Mien’s green eyes lit up. “It’s the best guide out there for alchemy. My sister must have done something magnificent for her to get a copy for me.”
“So you understand this,” said Soletus amazed as he flipped through the book. It was nothing more than a jumble of words, numbers, diagrams, and descriptions that might as well been in another language.
“This is simple stuff. Alchemy is nothing more than what a wisewoman would use to cure people. Alchemist however doesn’t just use those compounds to cure people.”
It was a crazy man’s trade as well. From what Soletus understood, alchemist did dangerous things to get what they wanted, even dying for their work. Their fellow alchemists might see such a thing as a success.

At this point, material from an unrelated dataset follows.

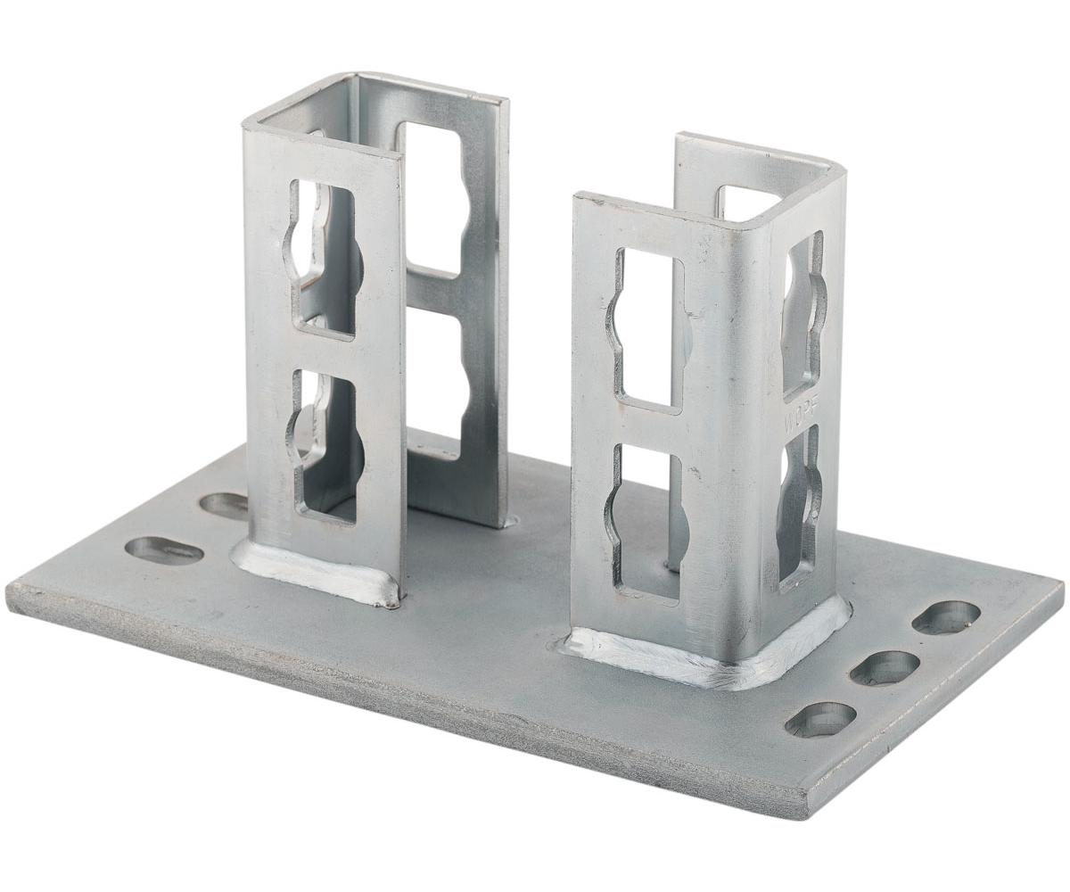 technische ZeichnungDer fischer Sattelflansch PSF schafft stabile Verbindungen zwischen fischer Montageschienen FUS und dem Bauwerk. Der Sattelflansch verbindet die Schienen mithilfe des fischer Durchsteck-Verbinders PFCN in einem Winkel von 90° mit dem Untergrund. Die mindestens dreiseitige Führung gewährt die Formschlüssigkeit mit den Montageschienen FUS und die Passgenauigkeit zum Einsetzen des Durchsteck-Verbinders. fischer bietet eine Querversion und drei Baugrößen der Standardausführung. Die stabile Grundplatte und die um 90° gedrehten Langlöcher erleichtern das Befestigen. Die Ausführung mit galvanischer Verzinkung ist für Installationen in Gebäuden geeignet, die Versionen aus feuerverzinktem und nicht rostendem Stahl für die Installation im Freien und in hochkorrosiver Umgebung.

“So what do you want to do today,” asked Soletus.
“Rest,” answered Mien as he closed his eyes.
“I take it you didn’t get much being at home?”

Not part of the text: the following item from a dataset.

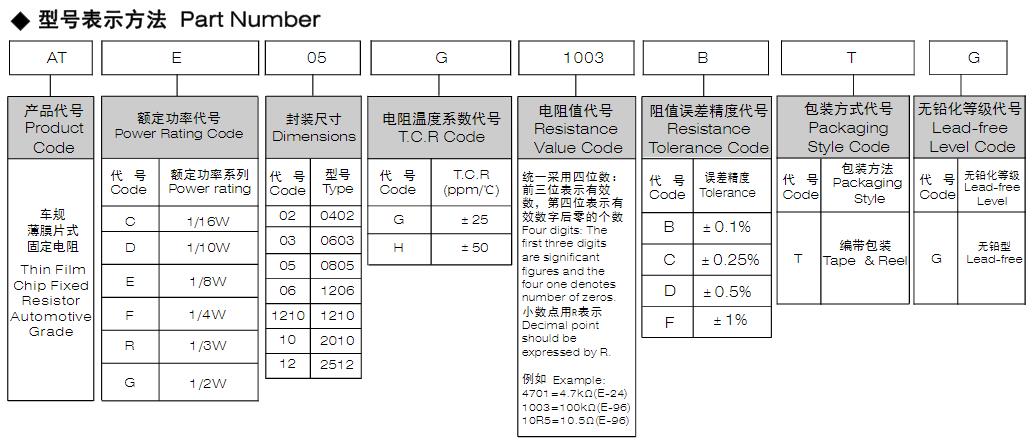 风华高科车规薄膜片式固定电阻器型号命名规则:

The boy’s eyes cracked open. He didn’t deny anything this time. “No, I didn’t.”
“Surely your mother didn’t like it.”
“She didn’t have a choice. She did what could without making it worse. I probably made it worse for her.”
“Everyone has a choice,” returned Soletus.
Mien shook his head. “You don’t understand because you don’t know.”
“You can tell me,” prompted Soletus.
The boy regarded him wary.
“Or we can save it for another day.”
Mien regarded him with a gracious look in thanks. He then asked in a meek voice. “Can I call you, friend? I didn’t have many before. Most thought me strange.”
“Sure,” said Soletus a little too slow and Mien caught his tone to his surprise.
“Why you say it like that?”
Mien then gave him a look. “I’m not stupid. I know what I must act like to you.”
Soletus was speechless. He didn’t want to deny it to be polite, but at the same time, the boy showed awareness. He was sure a crazy person wasn’t very aware or their awareness came and left. Maybe the boy wasn’t cracked as Brother Hickory said.
“You’re different,” he said not refuting that. “I’m not use to different, but I can handle it.”
“That’s why I like you,” announced Mien, but didn’t explain himself. He became silent again and Soletus didn’t prompt him again. He figured that Mien had spoken enough for that day.